Rolling Db Extensions 4 Sets Of 6-8 4 Sec Rep
Barbell Curls - Same As Above
Nosebreakers - Same As Above
Incline Curls - Same As Above



For Mow - Follow The Basic Diet In The Shadow's Project Thread To See How You React To It...you Should Get Stronger And Drop A Little Fat For 4-6 Weeks
 
The Shadow said:
D.....


Mondays:

Flat Bench Press Warm Up....pyramid Up To A Top End Set Of 3 Reps.....focus On Exploding The Wight Up And Then Getting A 3 Seconf Negative

Incline Db Press - 3 Sets Of 6-8 6 Second Total Rep Time

Dip Or Assisted Dip - 3 Sets Of 6-8 6 Tut





Tuesday: Back

Dumbbell Rows - Warmup And Pyraimd To A Set Of 3...explode...slow Contraction

Cable Face Pulls - 4 Sets Of 8-10 6 Second Rep

Seated Rows With A Straight Bar - 3 Sets Of 6-8 6 Sec Rep




Wednesday - Legs

Full Atf Squats - Warm Up...pyramid To A Set Of 3...explose And Get A Good Negative

Stiff Deads With Dbs...4 Sets Of 6-8 6 Second Rep

Hacks.....feet Together 4 Sets Of 6-8 6 Sec Rep

Calf Raise..seated Or Standing 4 Sets Of 12-15 6 Sec Rep


Thursday - Shoulders


Machine Or Bb Or Db Press.....pyramid Up To A Set Of 3 Explode Good Negative

Side Laterals - 4 Sets Of 8-10 6 4 Second Rep

Front Laterals On A 45 Degree Incline Bench 3 Sets Of 8-10 4 Second Rep



Friday - Arms

Rolling Db Extensions 4 Sets Of 6-8 4 Sec Rep
Barbell Curls - Same As Above
Nosebreakers - Same As Above
Incline Curls - Same As Above



For Mow - Follow The Basic Diet In The Shadow's Project Thread To See How You React To It...you Should Get Stronger And Drop A Little Fat For 4-6 Weeks


she's powerlifting my man. no negatives, no pyramids, no machines, etc. she needs to keep up with her box squats and speed work
 
Devastation said:
she's powerlifting my man. no negatives, no pyramids, no machines, etc. she needs to keep up with her box squats and speed work



She asked for a program to help meet her needs.

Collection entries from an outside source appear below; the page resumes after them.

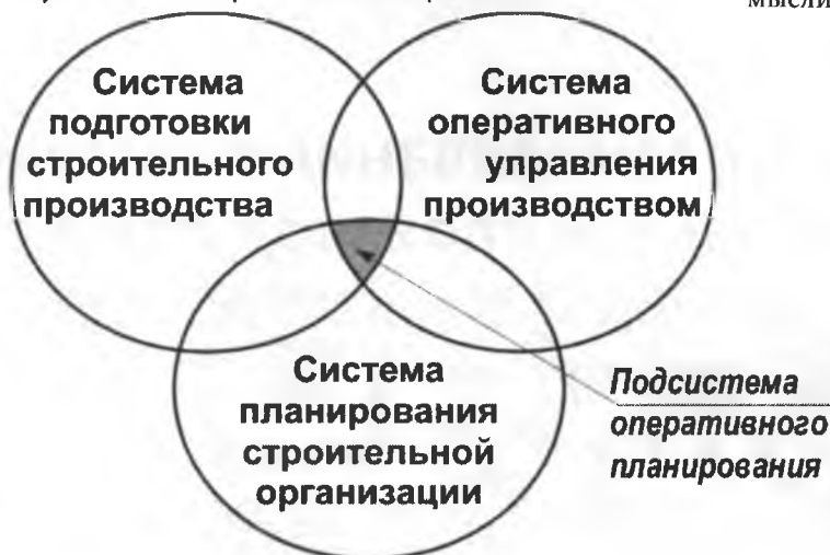
Рисунок 1. Место оперативного планирования.

циональных систем управления строительным производством (рисунок 1).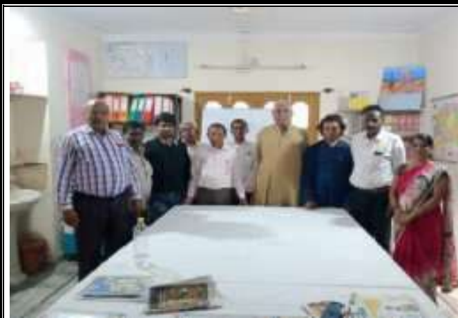
संस्थान द्वारा मुक्तिधारा संस्थान के साथ कार्यक्रम सहभागिता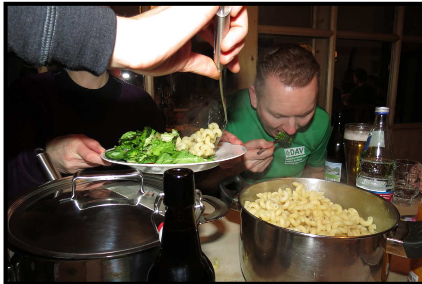
Endlich ist alles aufgetischt, ein letztes Mal in 2011 heißt es: MAHLZEIT ;)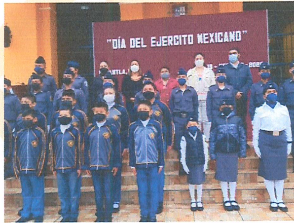
Imagen 9. Día del ejército.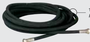
10 M LANGER HOCHDRUCKSCHLAUCH FLEXIBLE HAUTE PRESSION 10 M.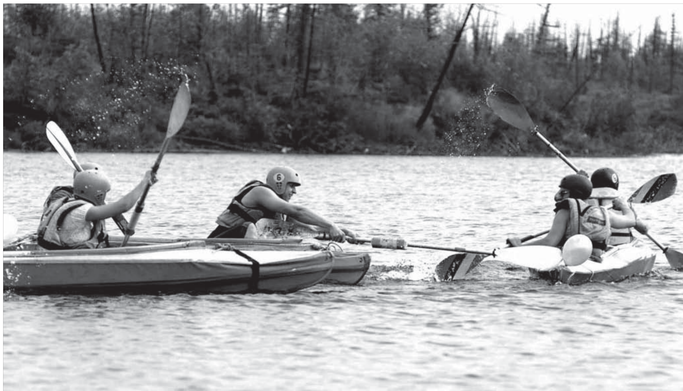
Абдаж на тундровом озере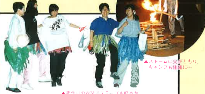
▲手作りの衣装でステップも軽やか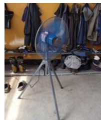
業務用扇風機の導入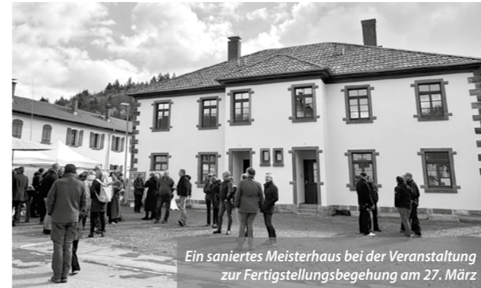
Ein saniertes Meisterhaus bei der Veranstaltung zur Fertigstellungsbegehung am 27. März

■ Mit diesem Motto wurden wir Besucher:innen von der Freiburger Stadtbau zur Begehung der frisch sanierten Meisterhäuser eingeladen, dem Bauabschnitt 3 der Knopfhäusle-Siedlung. Jeweils acht Zweizimmerwohnungen pro Haus gruppierten sich ursprünglich um einen Innenhof. Wir konnten eine der durch Zusammenlegung entstandenen, jetzt 110qm großen Maisonette-Wohnungen, besichtigen. Interessant war zu erfahren, dass diese Häuser im Gegensatz zu den vorher sanierten Reihenhäusern von innen isoliert werden mussten.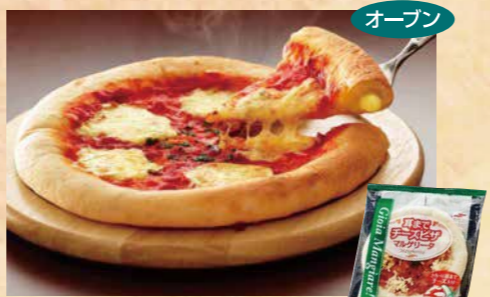
マルハニチロ 105 耳までチーズピザ マルゲリータR 245g

Maybe the two of y'all need to get together
 
Last edited:
Ate a bowl of cereal this morning
drank water all thru the day

ate a salad meal 2 and med helping of spaghetti with cottage cheese

meal 3
had steak and baked potato
 
ok well its time i started again so here i am i will start fresh with the meals tomorrow but wanted my log back in the first page.